Lupin’s business spans over 100 markets worldwide, including the U.S., India, South Africa, Latin America, Europe, and the Asia Pacific region. The company focuses on the development and commercialization of a diverse portfolio of branded and generic formulations, biotechnology products, and active pharmaceutical ingredients (APIs). Its Nagpur facility, where the Emtricitabine and Tenofovir Alafenamide Tablets will be produced, is part of the company's extensive manufacturing network.

The recent financial performance of Lupin has also shown a significant improvement. The company reported a 74.1% jump in consolidated net profit to Rs 852.63 crore in Q2 FY25, compared to Q2 FY24. Sales grew by 11.3% to Rs 5,497.01 crore during the same period. This financial growth reflects Lupin’s strategic focus on innovation, cost efficiency, and expanding its product offerings in key markets.

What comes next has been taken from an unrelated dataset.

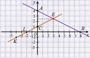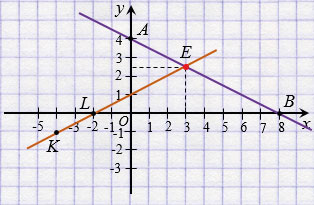Е(3; 2,5) - точка пересечения прямых АВ и LK.
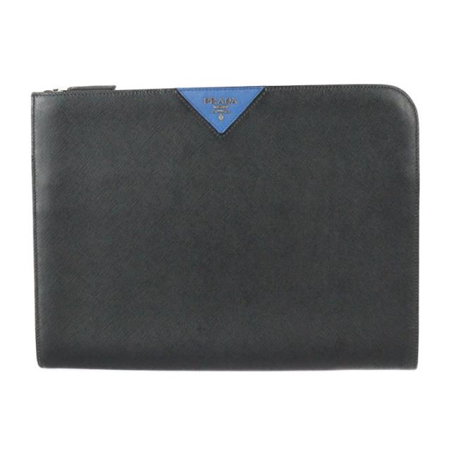 プラダ ドキュメントケース サフィアーノトラベル セカンドバッグ 2VN003 レザー 黒 青 L字ファスナー クラ【本物保証】

Despite the positive news, shares of Lupin experienced a slight dip of 0.13%, trading at Rs 2,096 on the Bombay Stock Exchange (BSE). This minor fluctuation is common in the pharmaceutical sector, where stock prices are often influenced by various market dynamics.

Conclusion

Lupin’s recent FDA approvals, including the generic version of Emtricitabine and Tenofovir Alafenamide Tablets, are expected to strengthen its foothold in the U.S. market and further enhance its reputation as a leading pharmaceutical player. With a focus on innovation, manufacturing excellence, and expanding its product portfolio, Lupin is well-positioned to drive future growth and provide affordable healthcare solutions worldwide.